I know enough about wiring to call an electrician. He was out today and installed a new outlet INSIDE the wall. Everything tested out fine.

The moral of the story is to become familiar with your appliances. I had no idea the dryer outlet was jury-rigged, something that could have cost me my house. It's probably a good idea to pull those things away from the walls every year and inspect their connections. Just because you don't see a problem, doesn't mean there isn't one!

Oh, and the new washer and dryer are weird. They are fundamentally different than anything I've ever known. My washer does this spinning thing before it even adds water. Maybe it's adding the detergent? It beeps. It clicks. It locks the lid on me! I feel as though I'm discovering a new, alien technology. Never thought I'd have to read an instruction manual just to wash my clothes!


----------



## jbfan (Jul 1, 2004)

The first night we had our front loader, my wife watched 2 loads of clothes being washed.
Just think, little blinking lights, a little water splashing, and a small whir from the motor kept her attention.
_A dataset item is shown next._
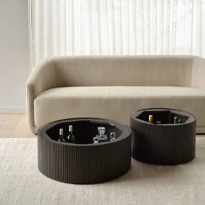 Mahogany Roller Max salongbord fra Ethnicraft er et genialt og allsidig møbel skapt av Jacques Deneef. Bordet har en avtagbar plate som avslører et oppbevaringsrom, perfekt for magasiner, leker eller puter. Denne designen gir en praktisk løsning for hjem med begrenset plass hvor hver kvadratmeter teller.

If I knew it was that easy, I would have bought one years ago.


----------



## Doc Holliday (Mar 12, 2011)

I recently bought a used (2009) large capacity Whirlpool washer and dryer set, still under manufacture warranty. No lights, just turn dials and start buttons. Like a tidal wave in the washer it's so strong. 

Nothing uber quiet about either and that's how I like it. Loud buzzers when the loads are finished. I can hear them from the garage through the kitchen, living and dining areas and on a really quiet day all the way at the back of the home in my roOm. 

Best $200 I ever spent.


----------



## BriBri (Dec 13, 2011)

Doc Holliday said:


> I recently bought a used (2009) large capacity Whirlpool washer and dryer set, still under manufacture warranty. No lights, just turn dials and start buttons. Like a tidal wave in the washer it's so strong.
> 
> Nothing uber quiet about either and that's how I like it. Loud buzzers when the loads are finished. I can hear them from the garage through the kitchen, living and dining areas and on a really quiet day all the way at the back of the home in my roOm.
> 
> Best $200 I ever spent.


I also have a realtively new Whirlpool washer/dryer set (I believe we bought them in 2006). Simplicity and effectiveness at its best! I'm all about power, and I like hearing the things working. Energy efficiency can sometimes be an evil thing.


----------



## jbfan (Jul 1, 2004)

BriBri said:


> I also have a realtively new Whirlpool washer/dryer set (I believe we bought them in 2006). Simplicity and effectiveness at its best! I'm all about power, and I like hearing the things working. Energy efficiency can sometimes be an evil thing.


And costly!:laughing:


----------



## BRIANisMEisWE (Jul 8, 2011)

!!!LOL!!!

Yeah, I miss the deep thumping of my old washer. Washers ALWAYS sounded like that, ever since I can remember. I liked that sound; it could put me to sleep, like a heart beat. This new one wants to play songs and blind me with lights. It's cold and alien in contrast. However, I must say it can handle so much more than the old one, and I'm glad we have something that can finally do blankets & comforters without breaking a sweat.


----------



## Doc Holliday (Mar 12, 2011)

BriBri said:


> I also have a realtively new Whirlpool washer/dryer set (I believe we bought them in 2006). Simplicity and effectiveness at its best! I'm all about power, and I like hearing the things working. Energy efficiency can sometimes be an evil thing.


 
Mine still had the energy efficiency tag stuck to it. Estimated ANNUAL cost for operating the washer is $31. :thumbsup:

I'm not certain how they came up with that number but I was spending roughly $15 every two weeks at the laundry mat so I honestly don't care as long as it's true! :thumbup:


----------



## hwymorris (Oct 19, 2011)

That hilarious. It locks the top? hahaha. dang, what if you had to run to the room real quick and throw in a pair of dirty underwear that you forgot?! :w00t:


----------



## homefellas87 (Nov 12, 2011)

jbfan said:


> And costly!:laughing:


can you tell me, how much is it for??


----------